*Record extracts*
.....
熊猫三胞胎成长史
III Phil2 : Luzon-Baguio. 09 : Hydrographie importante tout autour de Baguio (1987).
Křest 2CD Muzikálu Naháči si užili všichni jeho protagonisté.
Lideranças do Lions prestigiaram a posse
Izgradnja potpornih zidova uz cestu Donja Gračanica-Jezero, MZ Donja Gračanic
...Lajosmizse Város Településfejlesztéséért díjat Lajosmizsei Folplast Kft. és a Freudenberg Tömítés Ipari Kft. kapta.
.....
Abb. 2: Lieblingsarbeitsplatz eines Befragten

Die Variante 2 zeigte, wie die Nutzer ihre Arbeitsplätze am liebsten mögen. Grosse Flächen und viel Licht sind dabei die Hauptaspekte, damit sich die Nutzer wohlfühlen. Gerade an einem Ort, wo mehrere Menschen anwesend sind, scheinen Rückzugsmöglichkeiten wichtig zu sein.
.....
Start with the line above that contains "Lideranças do Lions prestigiaram a posse" and end with the line that contains "Ipari Kft. kapta.". Write out those lines exactly, and only those.

*Result*
Lideranças do Lions prestigiaram a posse
Izgradnja potpornih zidova uz cestu Donja Gračanica-Jezero, MZ Donja Gračanic
...Lajosmizse Város Településfejlesztéséért díjat Lajosmizsei Folplast Kft. és a Freudenberg Tömítés Ipari Kft. kapta.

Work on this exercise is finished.